- **WORK REQUIRED**: All of the data below should come back exactly as written, minus its images.

+++ DATASET CONTENT +++

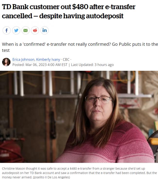 她说,经理说这不是TD银行的问题,该行对电子转账有安全协议。一旦客户点击“发送”到激活了自动存款的账户,他们就不能取消交易。
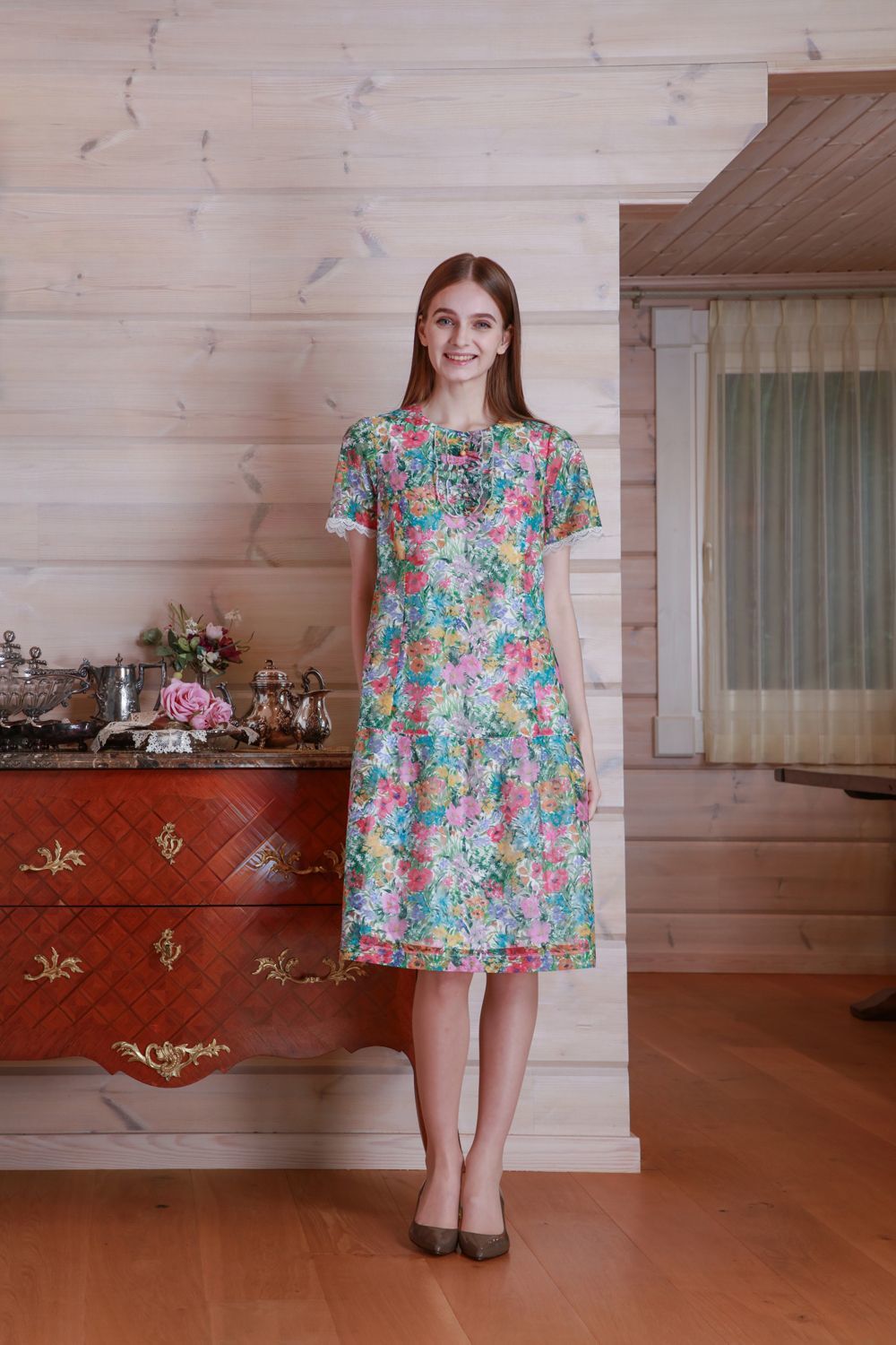大花プリント七分袖ワンピース 詳細 ▶
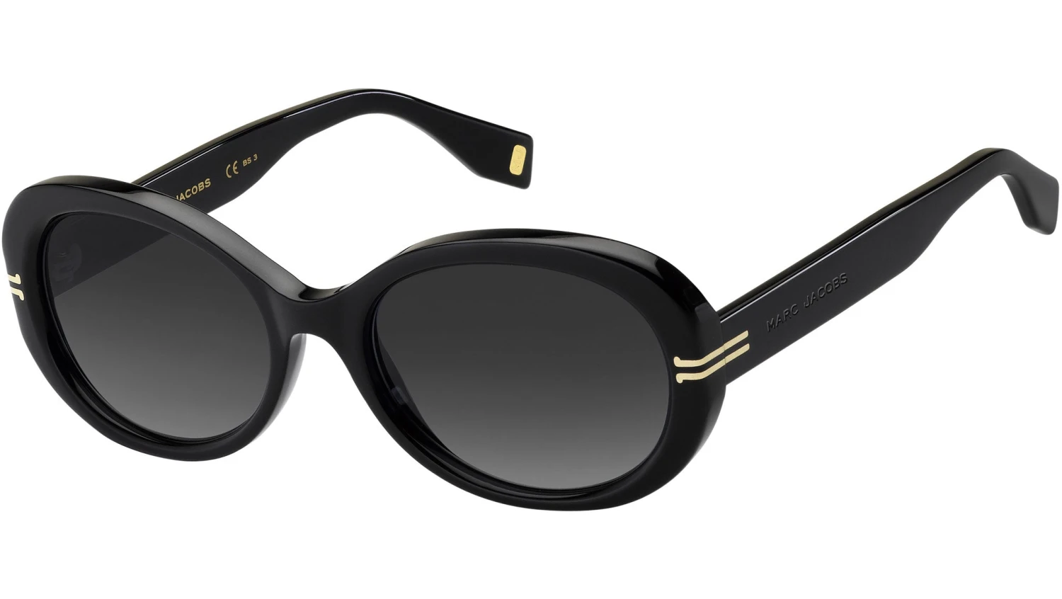 Marc Jacobs sunglasses model MJ 1013/S color code 807 black with dark grey shaded lens. A cat eye full rim acetate shades designed for women. Authorised Marc Jacobs Online Reseller. Your glasses will come including the original case and accessories and will be covered by 12 month global warranty. The ultimate blend of fashion-forward style and comfort, these women’s sunglasses are guaranteed to stand out. The softly rounded, cat-eye frames are crafted from acetate and bevelled around the front for a modern 3D effect. Beautifully accented with the double J metal trims adorning the lugs and temples, they also feature subtle logo lettering along the arms and logo-engraved plaques at the end tips, ensuring this easy-to-wear pair remains luxurious and sophisticated.

+++

- **ANSWER TO THE EXERCISE**:
 她说,经理说这不是TD银行的问题,该行对电子转账有安全协议。一旦客户点击“发送”到激活了自动存款的账户,他们就不能取消交易。
大花プリント七分袖ワンピース 詳細 ▶
 Marc Jacobs sunglasses model MJ 1013/S color code 807 black with dark grey shaded lens. A cat eye full rim acetate shades designed for women. Authorised Marc Jacobs Online Reseller. Your glasses will come including the original case and accessories and will be covered by 12 month global warranty. The ultimate blend of fashion-forward style and comfort, these women’s sunglasses are guaranteed to stand out. The softly rounded, cat-eye frames are crafted from acetate and bevelled around the front for a modern 3D effect. Beautifully accented with the double J metal trims adorning the lugs and temples, they also feature subtle logo lettering along the arms and logo-engraved plaques at the end tips, ensuring this easy-to-wear pair remains luxurious and sophisticated.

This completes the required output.